Ora si è usato il presente per rendere immediato il racconto.

Collocandolo la narrazione nel tempo passato è chiaro che potrei usare il passato prossimo, ma, come precisa scelta stilistica, l’imperfetto rende il racconto più sfumato e avvincente:

(nel film) Un giorno i teppisti gli uccidevano la moglie, lui decideva di farsi giustizia da sé e a un certo punto andava nella metropolitana...

Insomma, se uso il passato prossimo fornisco un’informazione, con l’imperfetto segnalo che il mio racconto coglie solo parte di un tutto più complesso e che forse io non posso descrivere con precisione.

Racconto insomma la storia quasi come un sogno (non a caso anche i sogni si raccontano spesso all'imperfetto) collocandola su un piano di indeterminatezza temporale.

Di qui all’imperfetto storico (Cristo nasceva in Palestina, Costantino emanava il suo famoso editto nell'anno 313 ecc.) il passo è breve.

Perfino un verbale dei Carabinieri in cui il fermato dichiarava che, faceva resistenza, rispondeva alla domanda non è distante - nella sua volontà stilistica da queste considerazioni.

Qualche volta insomma l’imperfetto "chiede scusa" per l'imperfezione, sottintende un “tra l’altro”, specie quando si riferisce al contenuto di un messaggio (e non a caso poi è il tempo privilegiato nel discorso indiretto):


L'IRREALTÀ

L’imperfetto del resto serve anche a indicare un qualcosa che poteva o doveva succedere ma non è (ancora) successo, un fatto non reale in generale, nel passato, nel presente o nel futuro.
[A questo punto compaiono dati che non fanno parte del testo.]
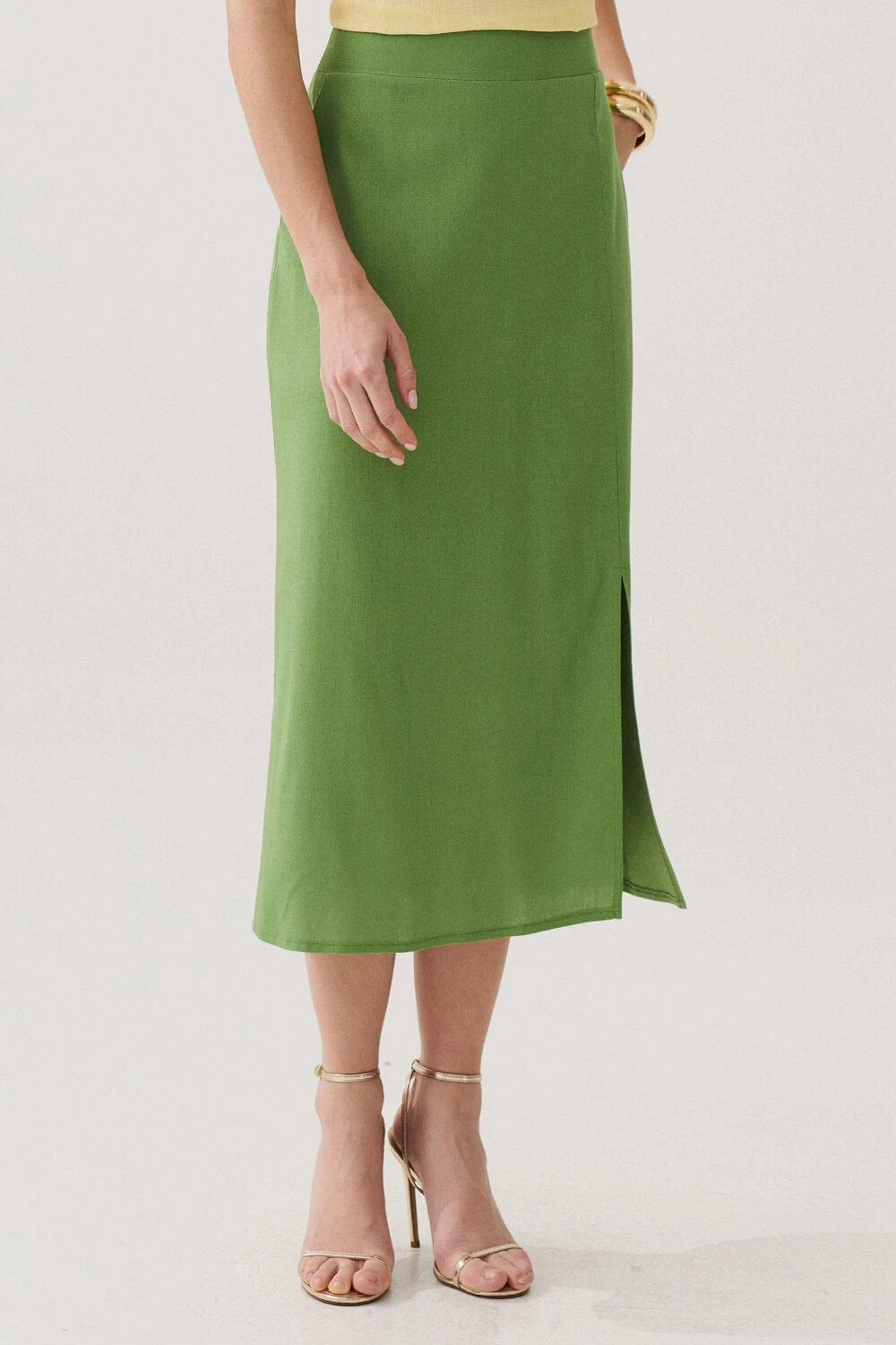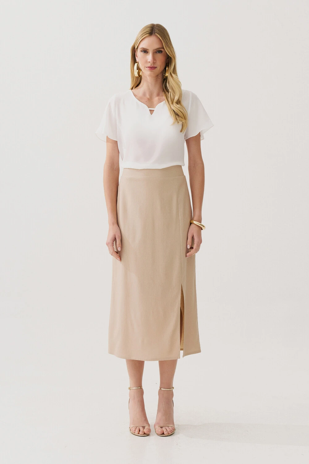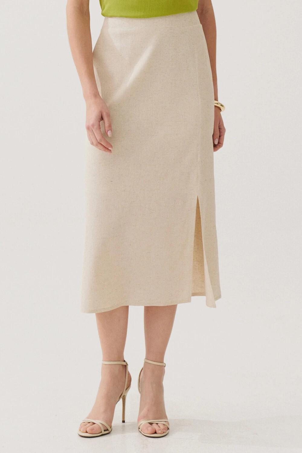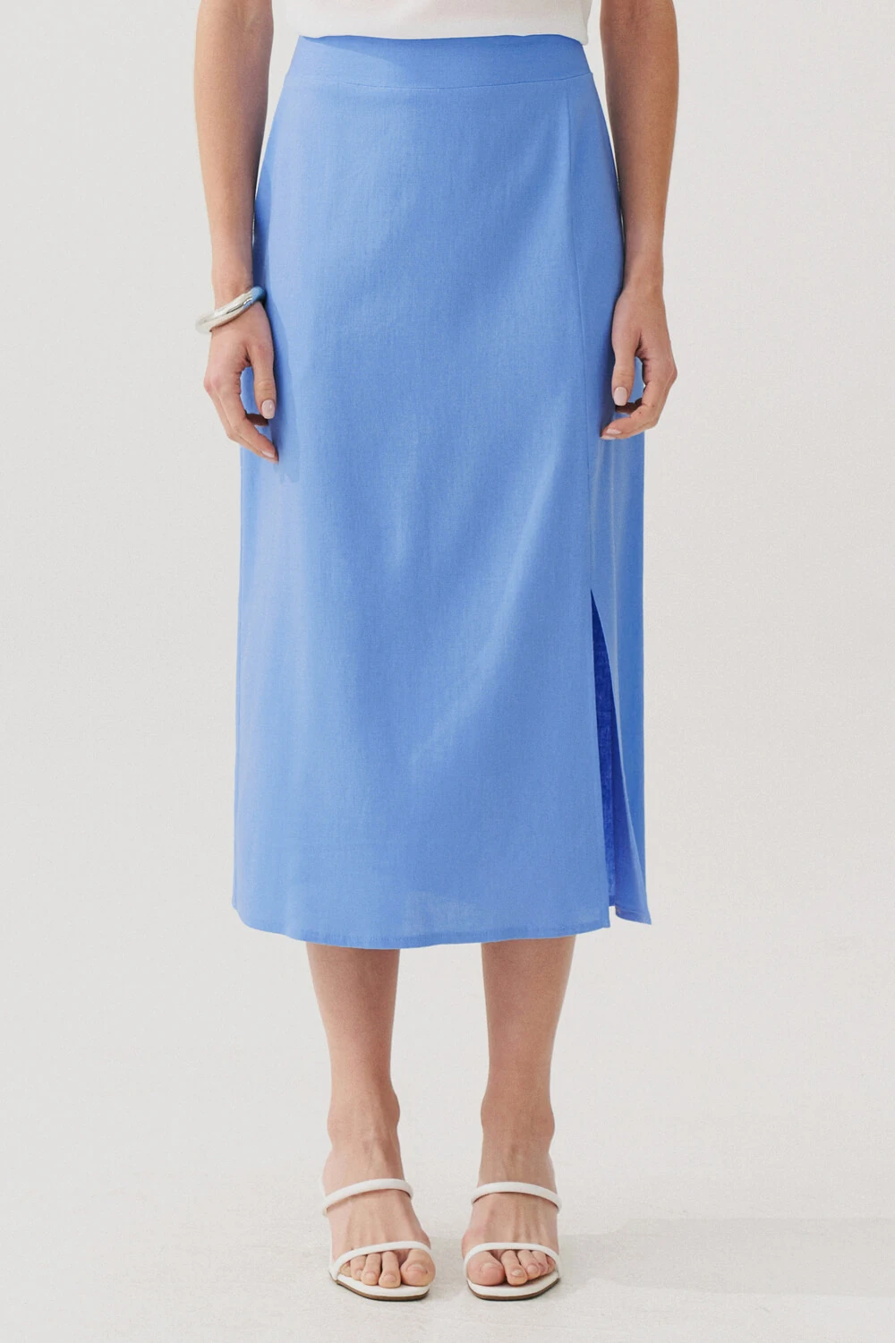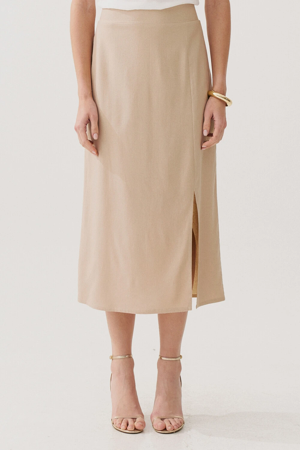 Saia midi de linho com fenda lateral. A saia contém o ziper invisível nas costas.

In particolare richiedono l'imperfetto indicativo le frasi caratterizzate da "introduttori di evento non accaduto" (quasi quasi, a momenti, per poco):

  • (7.1) Quasi quasi cadevo / Per poco cadevo / A momenti cadevo

Stesso valore attribuiamo alla frequentissima espressione che usiamo quando "quasi quasi" stavamo dimenticando di dire una cosa e all'ultimo momento ci ricordiamo di dirla. Introduciamo la cosa "quasi dimenticata" dicendo:

  • (7.2) Ah, dimenticavo!...

Questa relazione fra imperfetto e "irrealtà", espressione di un evento "non realizzato o non realizzabile" determina spesso la interscambiabilità fra uso dell'imperfetto e uso del condizionale. In particolare la possibilità di usare l'imperfetto nelle frasi ipotetiche (di registro informale):

  • (7.3) Se lo sapevo te lo dicevo certamente (te lo avrei detto)
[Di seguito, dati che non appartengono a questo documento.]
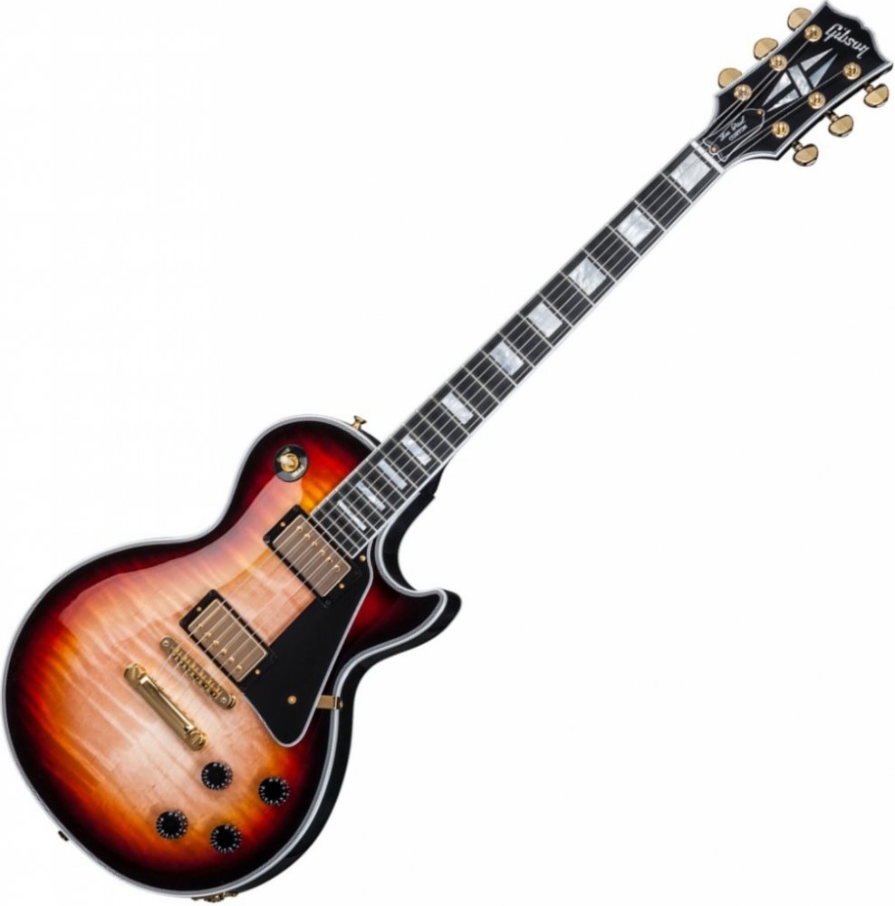 Elektrická kytara ze série Les Paul Custom figured Top modelové řady Custom Shop. Tělo kytary je vyrobeno z mahagonového dřeva s jemně klenutou vrchní deskou ze dvou kusů javoru s nitrocelulózovým lakováním. Lepený mahagonový krk typu Medium C-Shape je osazen hmatníkem z materiálu Richlite s 22 Medium Jumbo pražci. Radius hmatníku: 12", menzura: 24,75" (62,865 cm), nultý pražec vyrobený z materiál...

  • (7.4) Sapendolo te lo dicevo certamente (te lo avrei detto)

  • (7.5) A saperlo te lo dicevo certamente (te lo avrei detto)
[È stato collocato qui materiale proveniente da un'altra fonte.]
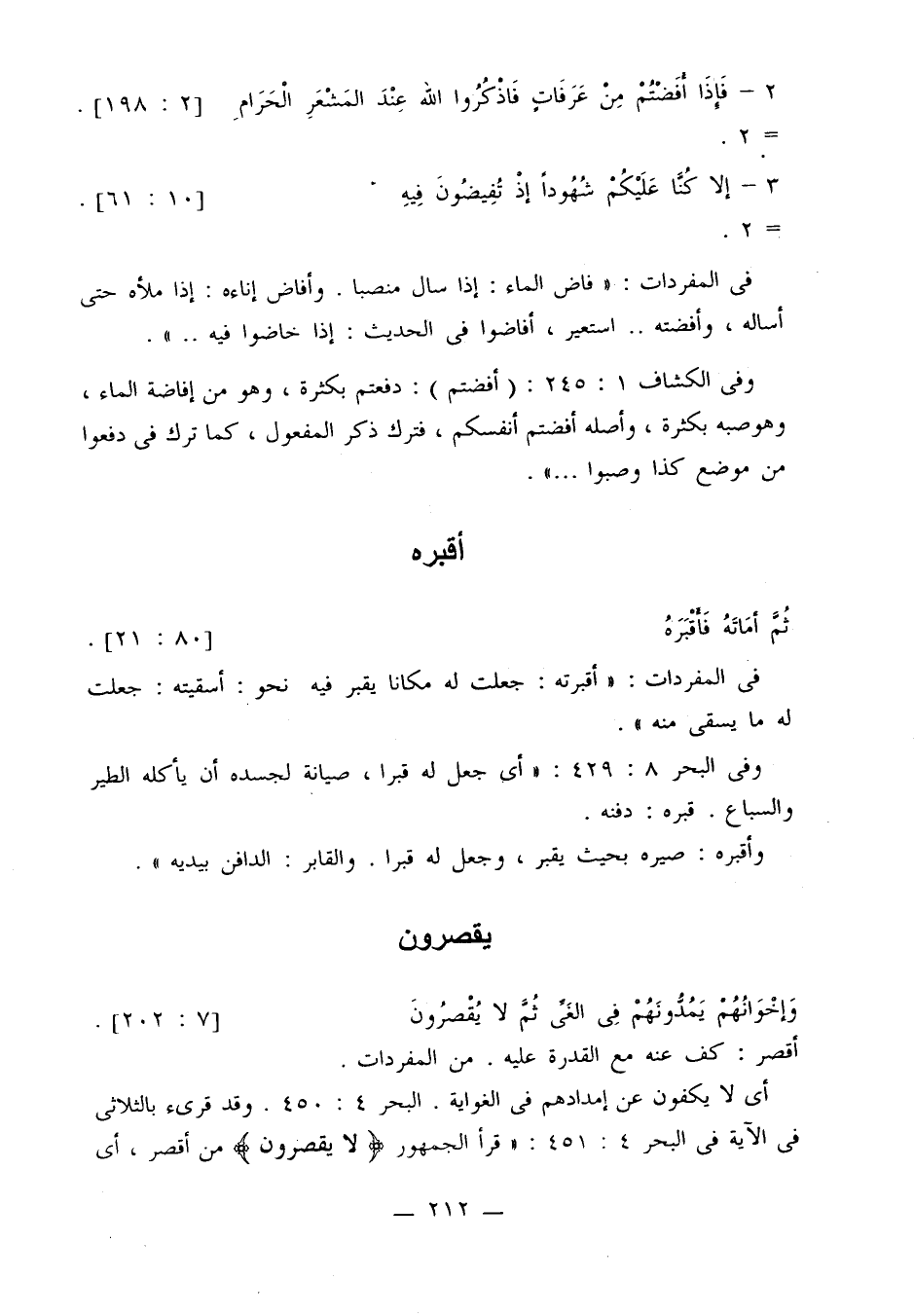 وفي الكشاف 1: 245: «(أفضتم): دفعتم بكثرة، وهو من إفاضة الماء، وهو صبه بكثرة، وأصله أفضتم أنفسكم، فترك ذكر المفعول، كما ترك في دفعوا من موضع كذا وصبوا ...».

  • (7.6) Non vieni alla festa? Peccato... sono sicuro che ci divertivamo (sono sicuro che - se tu fossi venuto - ci saremmo divertiti)

L'imperfetto nelle ipotetiche sostituisce anche il congiuntivo nelle frasi di registro colloquiale e anche in quelle "interrotte":

  • (7.7) Ah, se ero ricco...!

  • (7.8) Solo ora me lo dici? Non posso fare più niente ora! Se me lo dicevi prima...

Tipico esempio di imperfetto che esprime irrealtà e addirittura fantasia è quello dei bambini che si assegnano un ruolo per i giochi:

  • (7.9) Facciamo che io ero il re e tu la regina!

  • (7.10) Giochiamo che io ero un pirata e ti rapivo?

  • (7.11) No non voglio fare il bandito: io ero lo sceriffo!


Potremmo includere nella categoria dell'irrealtà anche il cosiddetto imperfetto di cortesia.

  • (8.1) Volevo un caffè

Il caso (8.1) non pone l'accento sulla volontà di avere un caffè, quanto piuttosto sul desiderio di averlo. In pratica la differenza fra vorrei e volevo consiste in questo: vorrei un caffè è un desiderio condizionato (vorrei, se lei fosse così gentile da farmelo); volevo è solo un desiderio, esposto così, senza condizioni (esagerando un po' è come dire: io ero desideroso di un caffè: se lei me lo fa lo berrò volentieri, altrimenti amici come prima).

Infatti se questa considerazione vale per il cliente di un bar, lo stesso linguaggio non potrà essere usato dal barista. Il barista potrebbe certo domandare "Lei cosa voleva?" (e in questo caso sarebbe come dire quali erano i suoi desideri quando è entrato in questo bar? Io sarò felice di esaudirli!).

Ma non potrebbe non essere carino se il barman domandasse Lei cosa vorrebbe (In questo caso infatti potrebbe avere anche il senso di invitare il cliente a andarsene: "cosa chiederebbe se io - e mi pare improbabile - avessi voglia di lavorare per lei?". Stiamo appunto esagerando un po' per essere chiari ma i nostri lettori ci capiranno)

L'IMMINENZA

La forma STARE PER + infinito (per esempio sto per partire) trasferita al passato richiede quasi sempre l'uso dell'imperfetto (stavo per partire). Questo perché anche l'imminenza di una azione che deve realizzarsi nel passato non può essere resa da un passato prossimo (che esprime completezza) ma necessariamente da un tempo o un modo non-perfetto.

Talmente forte è questo uso dell'imperfetto nel presentare una azione di imminenza che, specialmente nel parlato, non è raro trovarlo in un registro colloquiale anche al posto di un condizionale composto, il tempo verbale che esprime il "futuro del passato":

  • (9.1) Ha detto che sarebbe venuto - Ha detto che veniva

  • (9.2) Ho immaginato che saresti tornato subito - Ho immaginato che tornavi subito

CONCLUSIONI

La conclusione di quanto detto fino a questo punto è che non si può concludere qui. Troppi sarebbero ancora i casi da analizzare su questo argomento (sono buffi gli studenti stranieri quando dicono di pensare che il congiuntivo sia difficile: altro che congiuntivo! L'imperfetto sì che è difficile, se non impossibile!)

Tanto per confondere definitivamente le idee ai lettori di MatDid facciamo ancora un paio di esempi che riguardano le poche certezze che uno studente straniero ha riguardo all'uso dell'imperfetto.

Una certezza è che l'imperfetto si usa regolarmente dopo il MENTRE temporale.

L'altra certezza è che STARE PER + infinito, trasferito al passato, richiede l'uso dell'imperfetto del verbo stare.

Ebbene ecco qui due esempi fatti apposta per rompere le uova nel paniere:

(10.1) L'omicidio è avvenuto proprio mentre il fratello della vittima gli ha telefonato

(10.2) Almeno un paio di volte sono stato per mettermi a piangere

Come si spiegano questi due strani casi?

Be', non è difficilissimo. Ma non possiamo mica risolverli tutti oggi i problemi dell'umanità.